Map-based Probabilistic Infinite Slope Analysis of the Stephens Creek Watershed, Portland, Oregon

摘要

The Stephens Creek Watershed in southwest Portland, Oregon was chosen by the city as a pilot project for urban stream restoration efforts, and the infiltration of stormwater was identified as a potential restoration strategy. The Stephens Creek Watershed has historically been known to be unstable during high precipitation events (Burns, 1996), and the need to address the response of slope stability to anthropogenically-driven changing groundwater conditions is the focus of this study. Airborne light detection and ranging (LiDAR) and geotechnical data from the City of Portland were employed to create a high resolution (0.84 m2) physics-based probabilistic slope stability model for this watershed, using the map-based probabilistic infinite slope analysis program PISA-m (Haneberg, 2007).
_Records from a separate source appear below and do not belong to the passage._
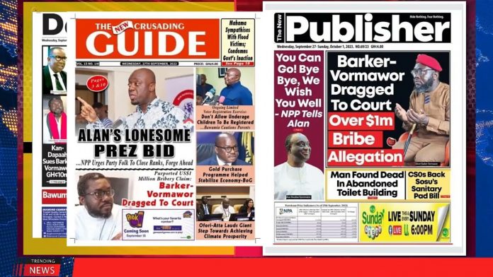 NewsGhana Newspaper Ghana Newspaper Headlines| September 27 | 2023; NPP Slams Alan 27th September 2023 0 199 Share Facebook Twitter WhatsApp Linkedin Pinterest Telegram Viber -Commuters Forced To Pay More! -NPP Slams Alan -Barker-Vormawor Dragged To Court Over $1m Bribe Allegation -GOIL Plant To Reduce Bitumen Import and MORE…
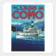 Vintage travel poster for Lake Como, Italy, showing a lake steamer with mountains in the background.
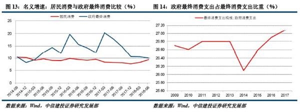 第二,政府最终消费增速较快。最终消费支出的主要构成部分是居民消费支出与政府最终消费支出,占比分别接近60%与30%,是影响最终消费支出增速的主要因素。2014年之后,虽然居民最终消费支出增速基本处于回落通道,但政府最终消费支出增速明显高于居民消费(图13),且在最终消费支出中的占比不断提升(图14),对最终消费支出增速构成支撑。但是这在社零统计中无法体现。
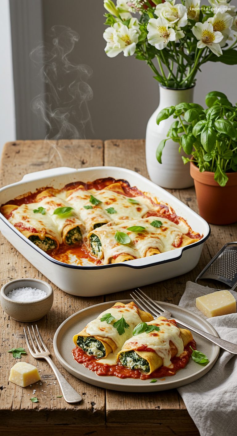 - A bright tomato sugo and silky white sauce balance the rich ricotta–greens filling.
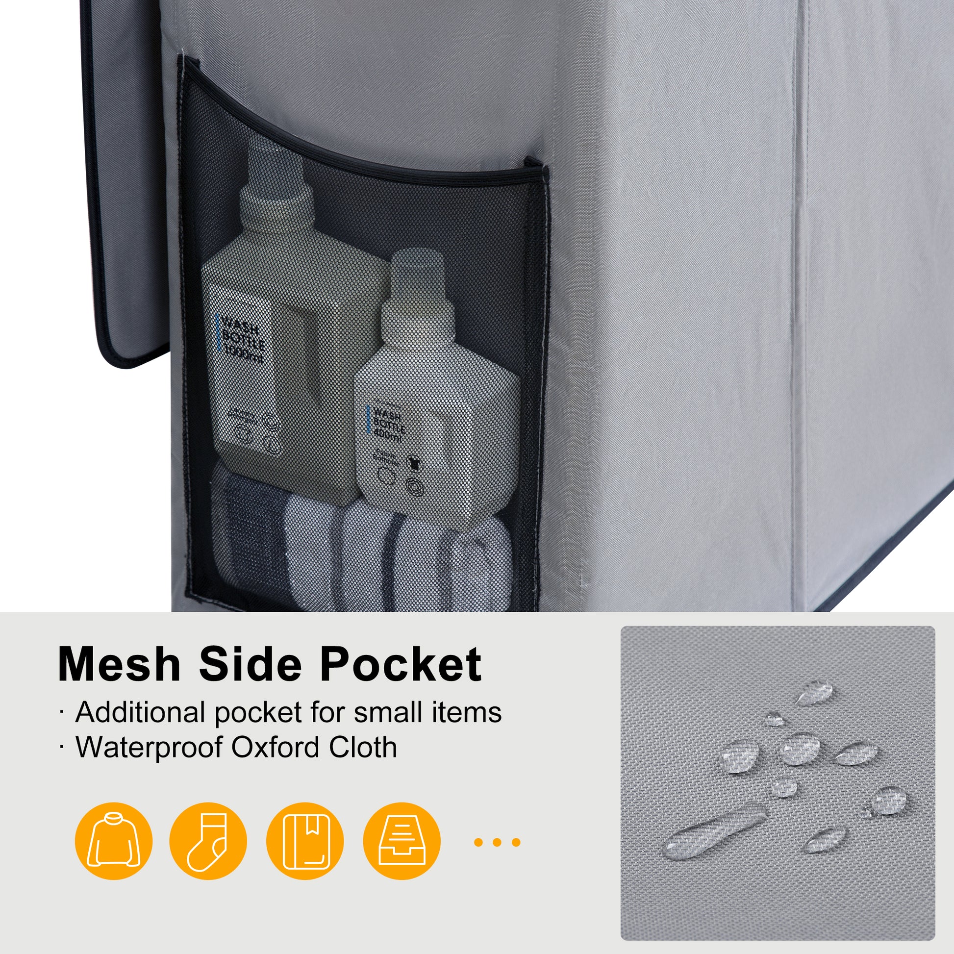 - [Side Mesh Pocket]The mesh pocket on the side of the dirty clothes storage hamper can be used to store smaller garments, such as socks and underwear, so that they don't get mixed up with other large-piece clothes. It can also be used to store cleaning products such as laundry detergent;
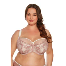 Polovyztužený model Ranita MAXI, kde vrchná časť košíčkov je vyrobená z ľahkého, svetlého, mliečneho tylu lemovaného stuhou. Spodná časť košíčkov, boky, stred a otvor na ramienka sú vyrobené z elastickej, ružovej čipky. Zadná časť je vykrojená, vyrobená z ľahkého mikrovlákna.
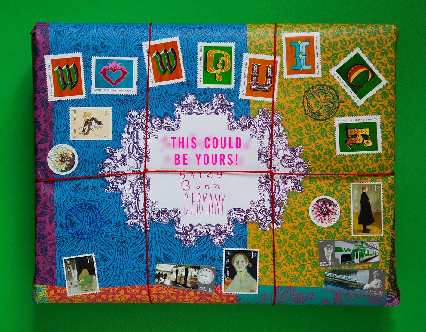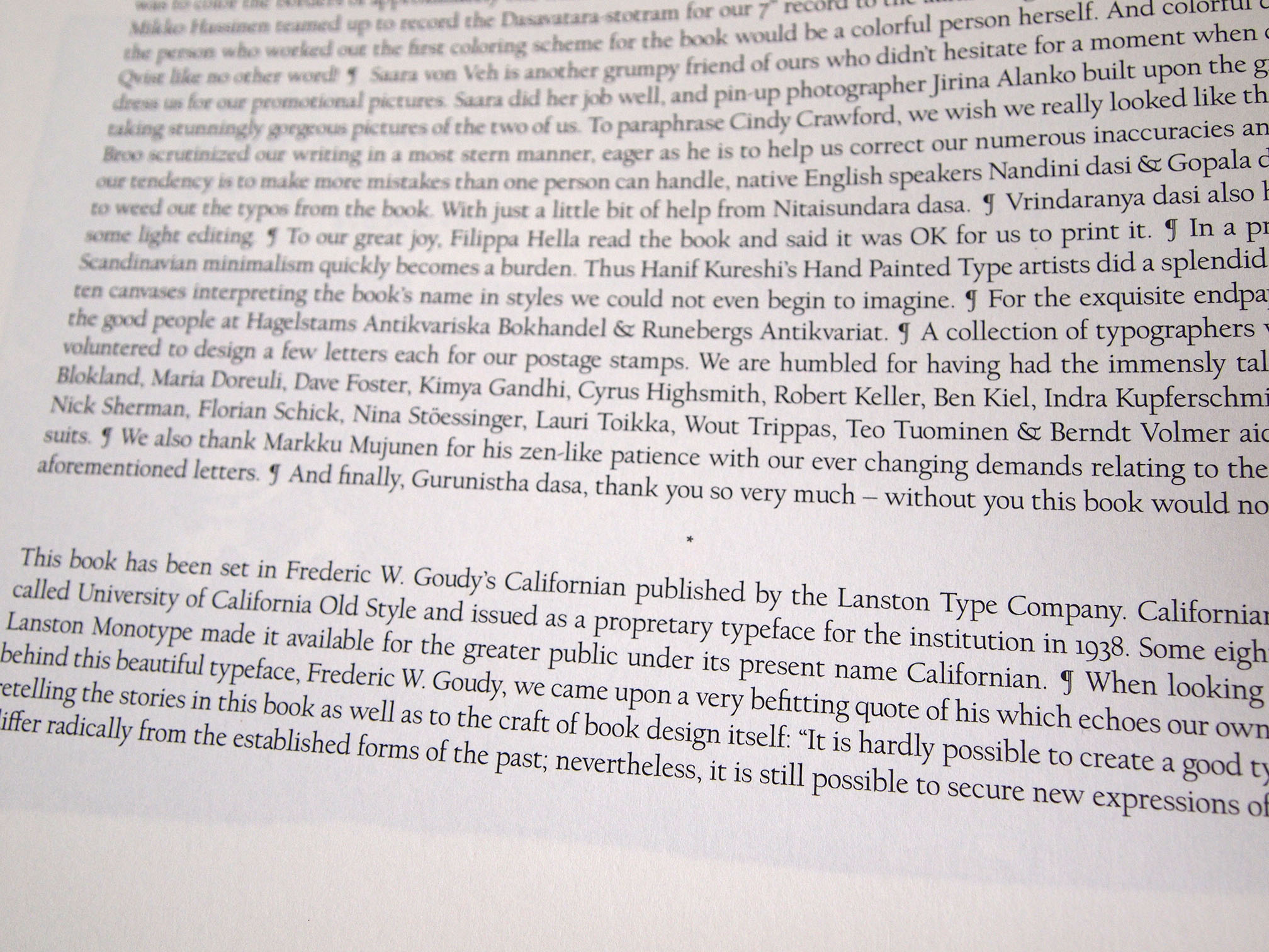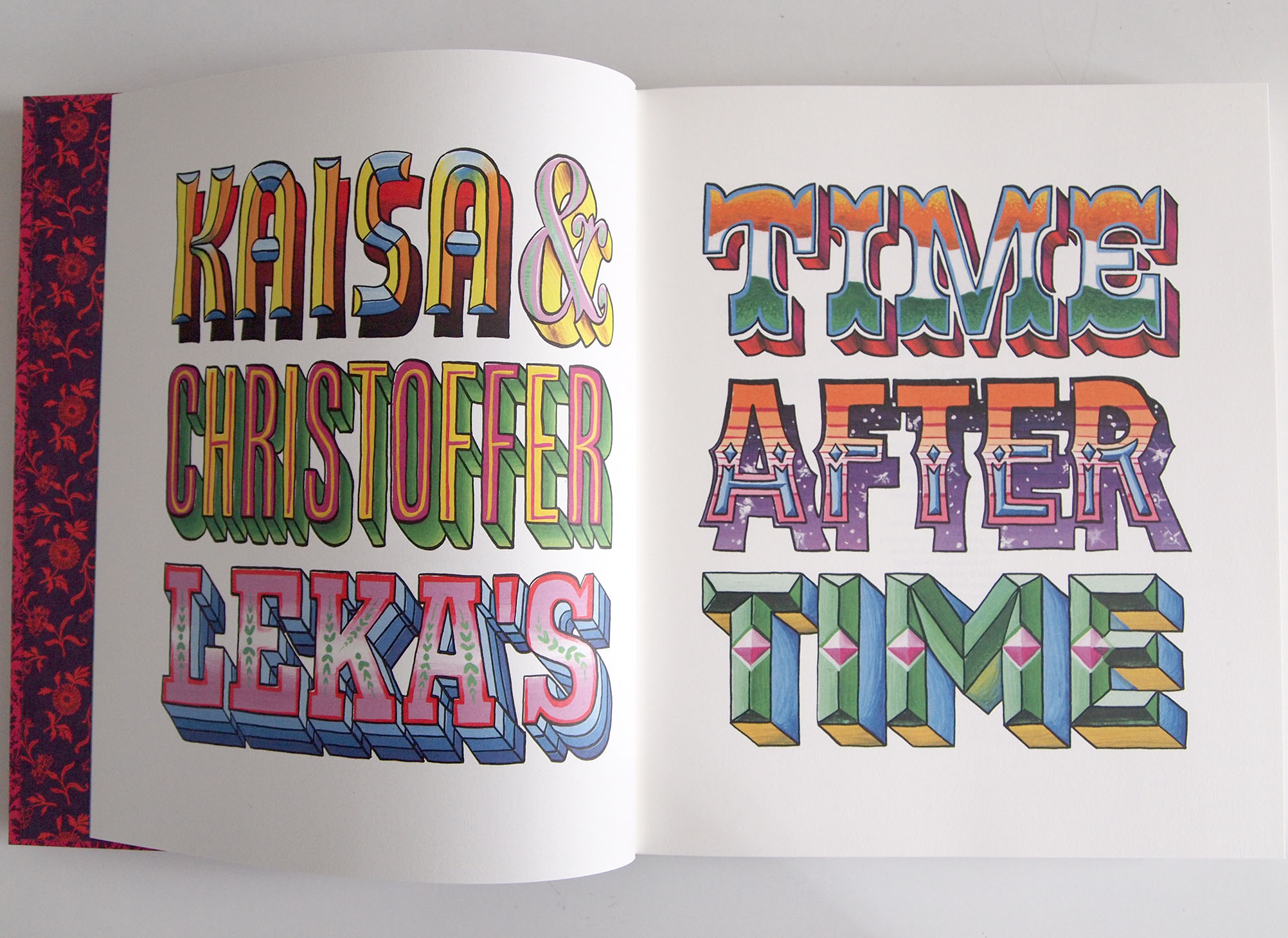 Time after Time, the latest and largest graphic novel by Kaisa & Christoffer Leka, is beautifully illustrated and handlettered throughout, but the intro and miscellaneous pages are set in Lanston’s version of Californian. A good choice. The book project was accompanied by a stamp project (and painting project): the Lekas asked 17 typeface designers to design letters and numerals that were printed as official Finnish stamps. The packages Kaisa and Christoffer send out the books in couldn’t be more magical and enticing.
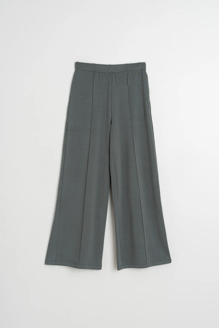 A flowy pant with center ribbing and an elastic waistband. You can combine it with the tee from the same series for a total look, or with any piece from our collection.
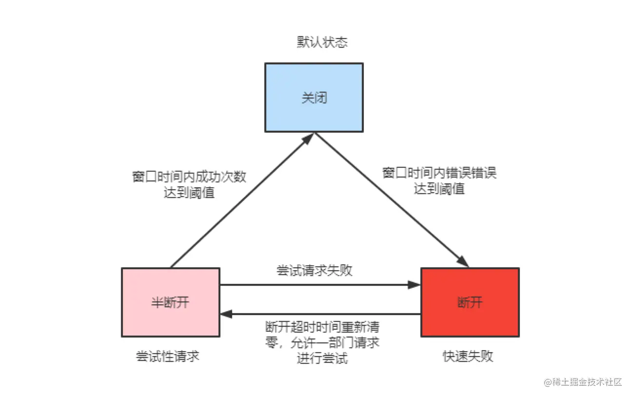 - 关闭:默认状态,请求能被到达目标服务,同时统计在窗口时间成功和失败次数,如果达到错误率阈值将会进入断开状态。
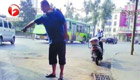 马路堆满淤泥 男子跌倒后守候提醒他人
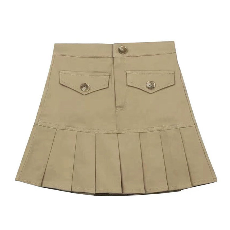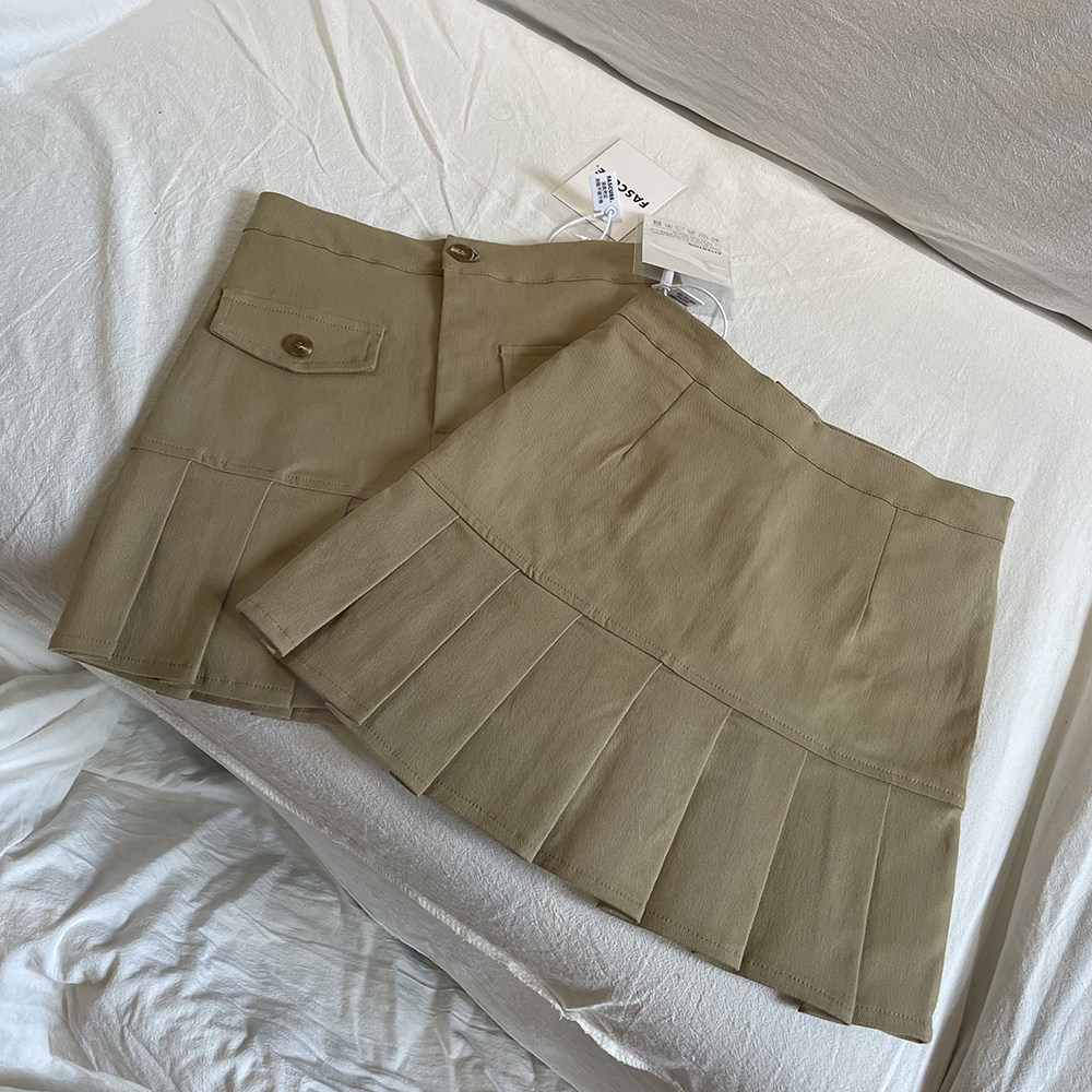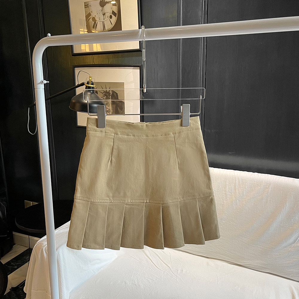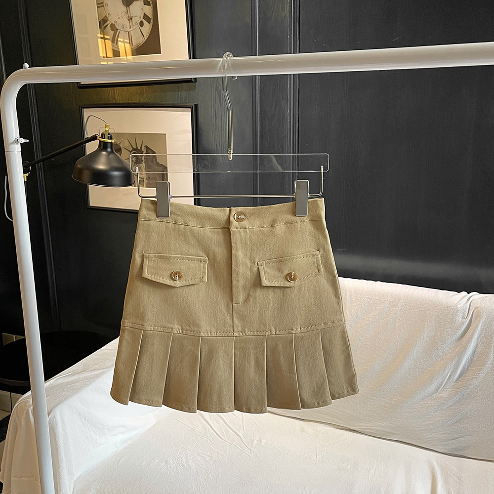 Autumn niche khaki pleated skirt female high waist slim hot girl tooling style short skirt casual pleated skirt

Best and worst case models were run using fully dry and fully saturated soil conditions, respectively. Model results indicate that 96.3% of the watershed area had a probability [less than or equal to] 0.25 that the slope factor of safety (FOS) was [less than or equal to] 1 for fully dry conditions, compared to 76.4% for fully saturated conditions. Areas that had a probability [greater than or equal to] 0.25 that the slope factor of safety (FOS) was [less than or equal to] 1 were found to occur mainly along cut/fill slopes as well as within the deeply incised canyons of Stephens Creek and its tributaries. An infiltration avoidance map was derived to define areas that appear to be unsuitable for infiltration. Based on these results, it is recommended that stormwater continues to be directed to existing sewer infrastructure and that the u22storm water disconnectu22 restoration approach not be used by the city.